Arkansas Southern Railroad

Overview
- Headquarters: El Dorado, Arkansas
- Locale: Arkansas and Louisiana
- Dates of operation: 1892–1905
- Successor: Rock Island, Arkansas and Louisiana Railroad (later part of the Chicago, Rock Island and Pacific Railroad)

Technical
- Track gauge: 4 ft 8+1⁄2 in (1,435 mm)
- Length: 98 mi (158 km)

= Arkansas Southern Railroad (1892–1905) =

Small railroad in Arkansas and Louisiana, USA

The Arkansas Southern Railroad Company was a small carrier with track in Arkansas and Louisiana. It was incorporated in 1892 and merged out of existence in 1905.

==History==
The line was incorporated on August 29, 1892, in Arkansas. A mention in an 1898 newspaper says the line extended from El Dorado to Junction City, while making active efforts to extend through to the Gulf of Mexico. Meanwhile, another railroad, the Alexandria, Junction City & Shreveport Railway Company, had been organized and chartered on June 29, 1897, under the laws of Louisiana for the purpose of building a railroad from Junction City, via Ruston, to the town of Winnfield, Louisiana. That company was merged into the Arkansas Southern in March 1899, with the combined entity continuing as the Arkansas Southern Railroad Company. Stock certificates from 1900 say the line was incorporated in both Arkansas and Louisiana.

The railroad completed the mainline from El Dorado into Winnfield around April 1901. As shown in a mid-1901 listing in the Official Railway Guide, the line ran south from El Dorado through small settlements in Union County, Arkansas, like Cargile, Upland and Cornie before encountering Junction City on the Arkansas/Louisiana border. It continued into Union Parish, Louisiana, going through Lille and Bernice. In Lincoln Parish, the line went through Dubach and Vienna into the junction at Ruston. It continued south into Winn Parrish and towns like Dodson and Tannehill before terminating in Winnfield. The listing indicates an intent to complete the line to the Gulf Coast, and specifically to a location marked as New Sabine City, also referred to as just Sabine City, immediately to the west of Port Arthur in Texas. But, a description of the railroad on its end-of-service date does not indicate the line reached any destination south of Winnfield.

The 1901 listing also shows one branch line, called the Magnolia Branch, which left the mainline at Cornie and ran northwest through Neil and Glidden to Parnell, Arkansas. The stated intent was for the line to continue north through Magnolia, Arkansas, with a projected intersection with the tracks of the St. Louis, Iron Mountain and Southern Railway north of Magnolia. However, the description of the extent of the railroad on its end-of-service date does not mention the Magnolia branch.
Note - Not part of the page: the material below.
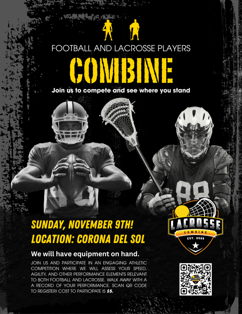 Have a younger sibling interested in playing lacrosse? Or possibly a neighbor down the street? Tempe Sol will be hosting 2 Try Lax Clinics at Benedict Sports Complex on November 2nd and 22nd. If interested, scan the QR Code and register to be entered to win a lacrosse stick. Please spread the word and help…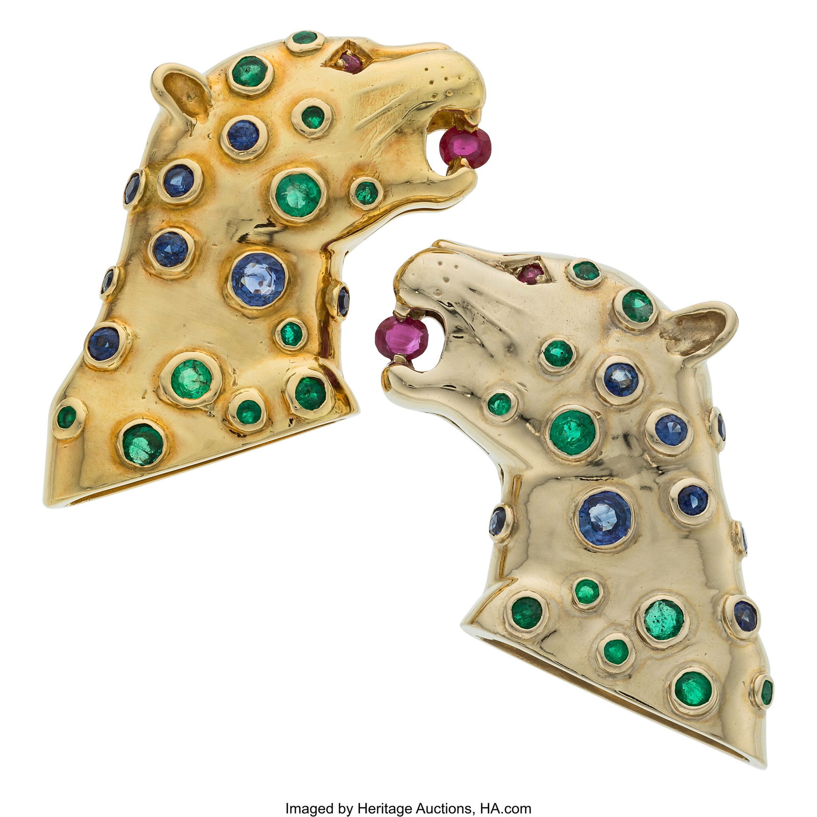 Sapphire, Ruby, Emerald, Gold Brooches Stones

Besides carrying passengers, the railroad clearly had its eyes on agricultural traffic, particularly timber, in the region. In the 1901 listing, the railroad says, "This line is located near the centre of an exceedingly productive section between the Red and Ouachita Rivers: splendidly watered and exceedingly healthy. Intervening between the cultivated sections exists the most extensive virgin yellow pine forests in the South." At one point the line built a 5-mile spur to a small lumber mill in Wesson, Arkansas, which it continued to own but allowed the mill to operate. However, the mill later incorporated its own railroad, the El Dorado and Wesson Railway, and built its own line 10 miles to connect with another carrier.

The line as built interchanged with the St. Louis, Iron Mountain & Southern Railway at El Dorado, and with the Vicksburg, Shreveport and Pacific Railway at Ruston for connections to Monroe and Shreveport, Louisiana. The stated intent was for the line's own branches to someday extend to Monroe and Shreveport, but there is no indication these were built.

On October 31, 1905, the Arkansas Southern Railway was merged with another carrier, the Rock Island, Arkansas and Louisiana Railroad, to which the 98-mile El Dorado-to-Winnfield line was contributed. The Rock Island, Arkanasas, and Louisiana was a subsidiary of the Chicago, Rock Island and Pacific Railroad.